The information disclosed in this background section is only for enhancement of understanding of the general background of the invention and should not be taken as an acknowledgement or any form of suggestion that this information forms the prior art already known to a person skilled in the art.
Disclosure of Invention
Object of the Invention
In order to solve the technical problems, the invention aims to provide a recovery processing method of unqualified component balls in a spherical nuclear fuel component production line, wherein in the process from unqualified component balls to unqualified coated particles, a whole ball calcining method is used for replacing a ball crushing calcining method, so that steps are saved, and the applicability is strong. The method can effectively solve the problem of unqualified component ball treatment in the production of the spherical nuclear fuel component, and realizes the main process of uranium (nuclear material) re-production.
The embodiment of the invention provides a method for recovering and treating unqualified component balls in a spherical nuclear fuel component production line, which comprises the following steps in sequence:
treatment of unqualified component balls: carrying out whole ball oxidation calcination at the temperature of 850-900 ℃ for 130-160h to obtain unqualified coated particles;
treatment of unqualified coated particles: crushing unqualified coated particles, and oxidizing and calcining the unqualified coated particle crushed material at the temperature of 850-900 ℃ for 8-10h to obtain a return product U3O8Powder;
return product U3O8And (3) treating the powder: returning product U obtained3O8Dissolving the powder in dilute nitric acid at 80-90 deg.C for 2-6 hr; filtering after the dissolution is finished, and taking the filtrate to enter a glue boiling process.
In one possible implementation manner, in the treatment of the unqualified component balls, the unqualified component balls are subjected to whole ball oxidation calcination at 850-900 ℃ for 130-145 h.
In one possible implementation mode, the unqualified coated particle is treated by oxidizing and calcining the unqualified coated particle broken object at 850-900 ℃ for 8-9 h.
In one possible implementation mode of the method for recycling unqualified component balls in the spherical nuclear fuel component production line, the return product U3O8In the treatment of the powder, the dissolving temperature is 80-85 ℃, and the dissolving time is 4-6 h.
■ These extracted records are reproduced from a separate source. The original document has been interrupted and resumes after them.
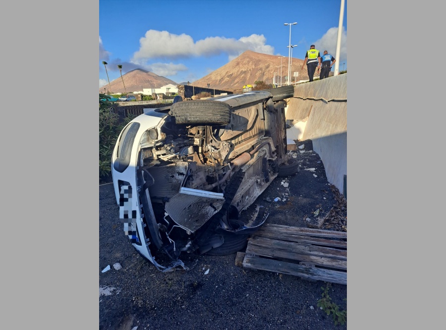 Impactante era la imagen que ofrecía este miércoles un vehículo tras caer a una altura de dos metros en San Bartolomé.
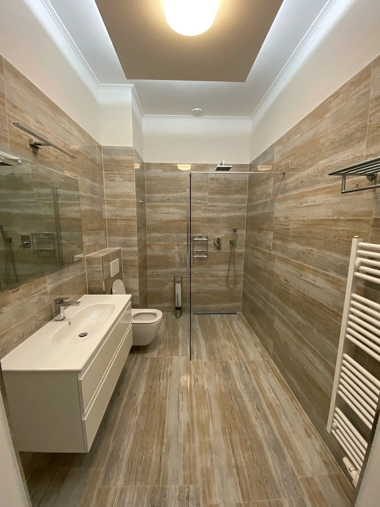 Z obývacího pokoje vstup do ložnice s výhledem na klidnou ulici, z prostorné chodby vstup do další ložnice (výhled do vnitrobloku). Designová koupelna se sprchou a toaletou.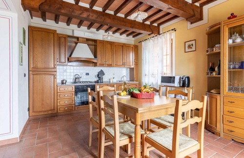 North of Lucca, in a charming hilly landscape, this secluded vacation home welcomes you. Inside, you'll find comfortably furnished rooms that make a rustic impression and provide the perfect setting for relaxing vacations. Both indoors and outdoors, the house has a variety of great facilities to offer for young and old.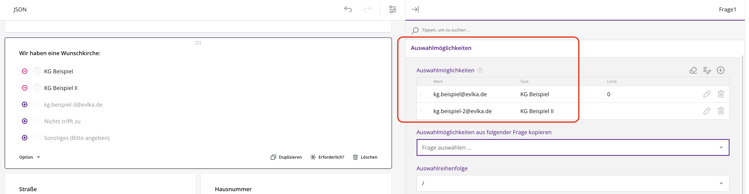 Eingetragen werden die Mailadressen in den Eigenschaften des Auswahlfeldes unter "Auswahlmöglichkeiten" als Wert.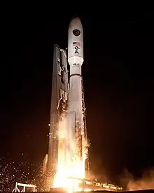 USA-246 was launched by United Launch Alliance, aboard an Atlas V 531 flying from Space Launch Complex 41 (SLC-41) at the Cape Canaveral Air Force Station (CCAFS). After a number of weather-related delays, the launch occurred at 08:10:00 UTC on 18 September 2013,[3] placing the satellite in a parking orbit of 178 kilometers by 1,041 kilometers. A second burn placed the satellite into a geostationary transfer orbit (GTO) with a perigee of 225 km (140 mi), an apogee of 50,051 km (31,100 mi), and 20.52° inclination.[4] The satellite was successfully deployed in this orbit 50 minutes after launch.[1]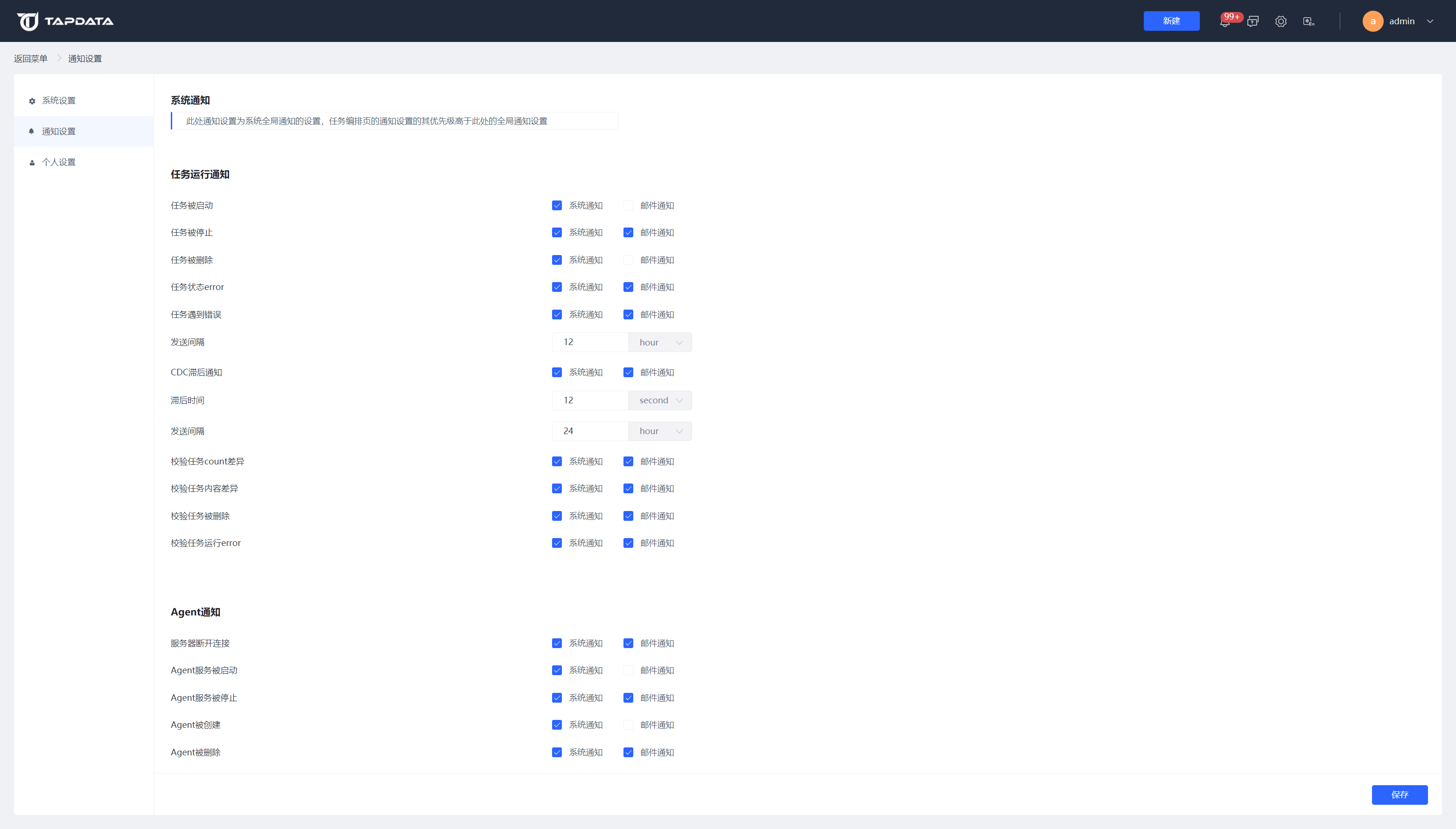 系统通知功能主要是系统根据用户自定义的通知规则设置,自动触发发送的通知。主要包括任务运行通知和Agent通知两种类型,具体包含的通知项有: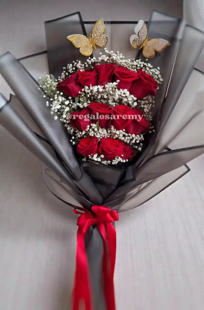 Ramo de rosas con diseño armonioso, decorado con delicadas perlas. Un detalle elegante y sofisticado para sorprender en cualquier ocasión especial.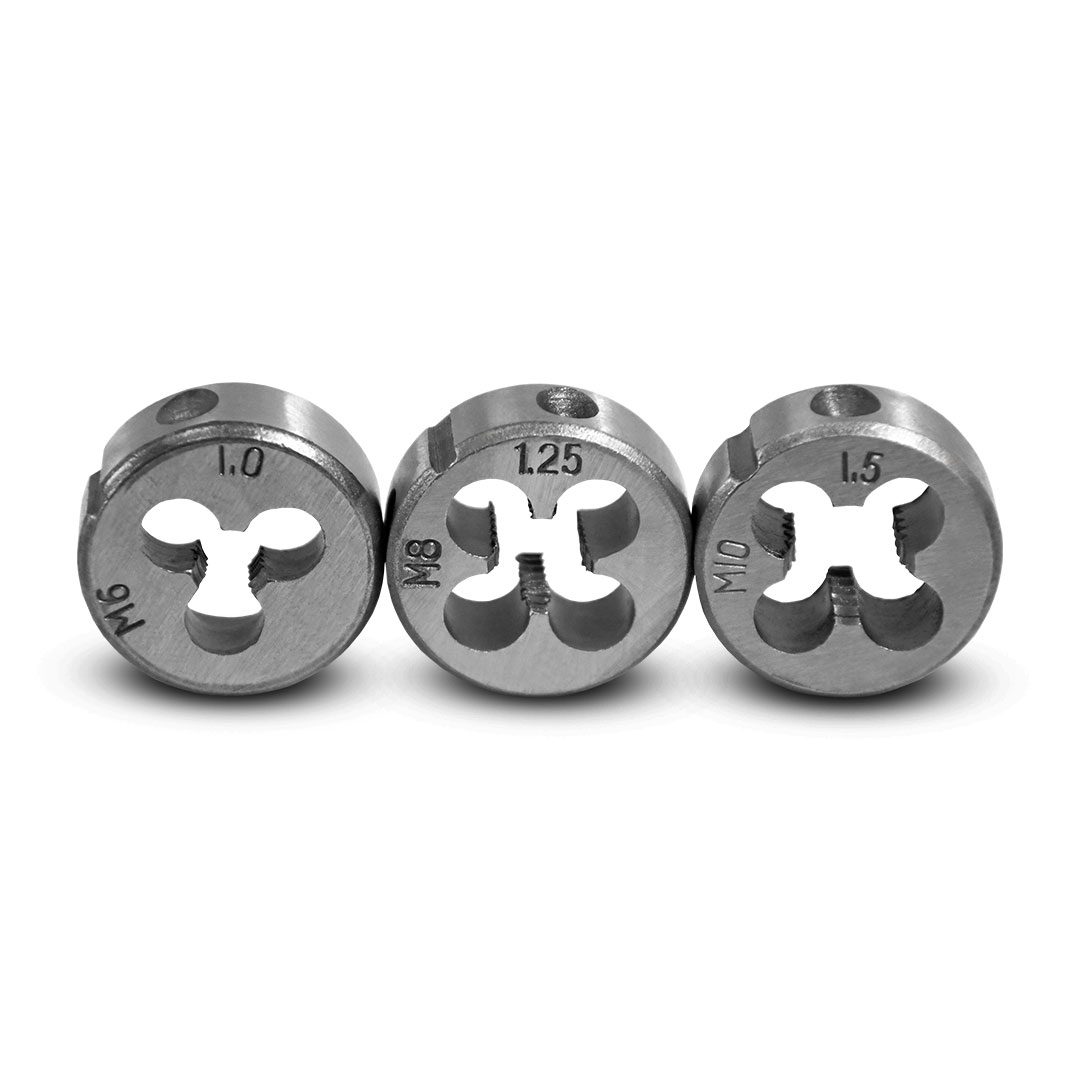 *7 Terrajas hembra, diámetro 1”: M3x0.5, M4x0.7, M5x0.8, M6x1.0, M8x1.25, M10x1.5 y M12x1.75.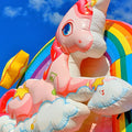 Farbenfrohes Einhorn-Design mit Regenbogen und extralanger Rutsche für Garten & Events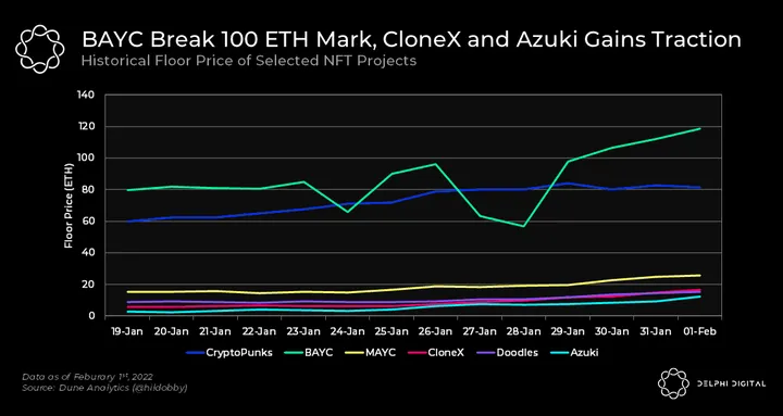 - BAYC has been on a consistent uptrend, with the price floor breaking the 100 ETH mark and already gunning for 120 ETH. With famous figures and accounts like Justin Beiber and 9GAG joining the club, the attention that BAYC gets is currently unparalleled. While far from the leaders, MAYC and CloneX have also steadily climbed.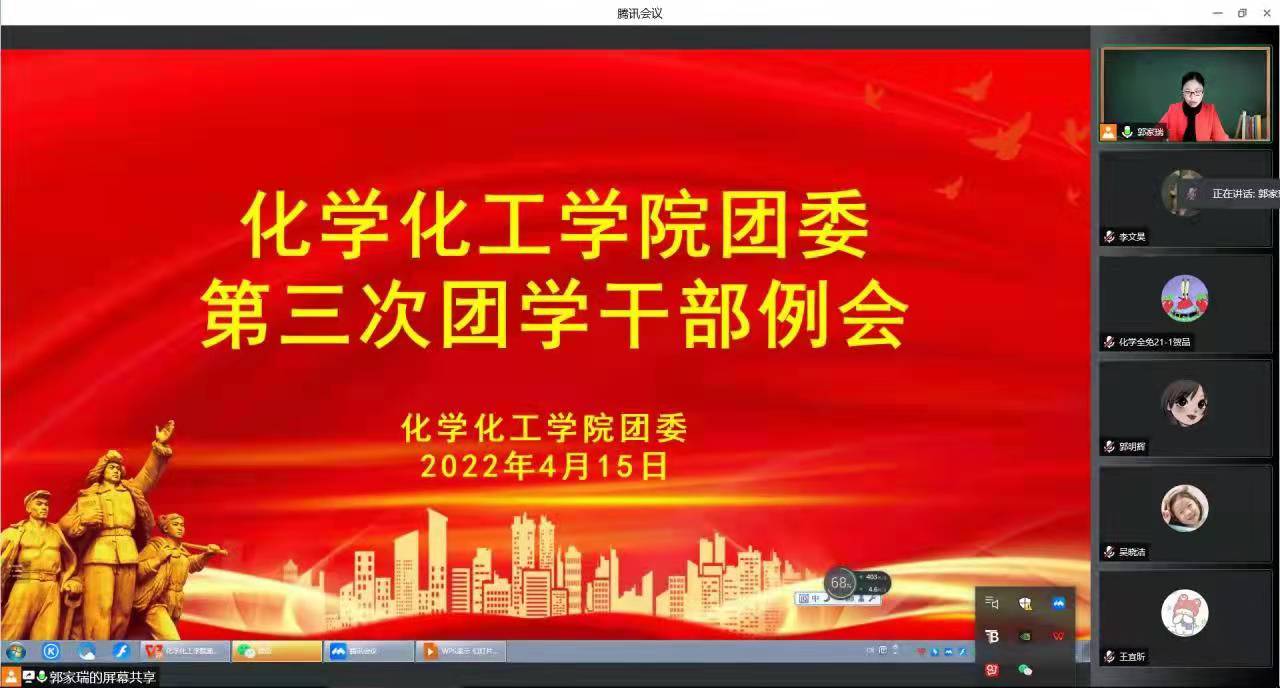 为了解近期学院团委学生会各部门的工作情况,解决工作中存在的问题,并对下一步工作进行具体安排,4月15日,化学化工学院通过腾讯会议召开了第三次团学干部例会。此次会议由团委副书记郭家瑞主持,院团委、学生会各部负责人以及各团支部书记参加会议。

In one possible implementation, the method for recycling and treating unqualified component balls in the spherical nuclear fuel component production line is suitable for production of spherical nuclear fuel components of a high-temperature gas-cooled reactor.
Advantageous effects
(1) According to the method for recovering and treating the unqualified component balls in the spherical nuclear fuel component production line, the whole ball calcining method is adopted in the process from the unqualified component balls to the unqualified coated particles, so that dust can be reduced, and the operation and protection are facilitated; and reduce breakage of the uranium-containing coated particles.
(2) The recovery processing method for unqualified component balls in the spherical nuclear fuel component production line provided by the embodiment of the invention greatly shortens the process flow by selecting and matching the process steps and parameters in each step, effectively solves the problem of processing the unqualified component balls in the spherical nuclear fuel component production line, realizes the main uranium (nuclear material) re-production process, greatly improves the utilization rate of the nuclear material, reduces the inventory of the unqualified component balls and ensures the stable operation of the production line.
Detailed Description
In order to make the objects, technical solutions and advantages of the embodiments of the present invention clearer, the technical solutions in the embodiments of the present invention will be clearly and completely described below, and it is obvious that the described embodiments are a part of the embodiments of the present invention, but not all of the embodiments. All other embodiments, which can be derived by a person skilled in the art from the embodiments given herein without making any creative effort, shall fall within the protection scope of the present invention. Throughout the specification and claims, unless explicitly stated otherwise, the word "comprise", or variations such as "comprises" or "comprising", will be understood to imply the inclusion of a stated element or component but not the exclusion of any other element or component.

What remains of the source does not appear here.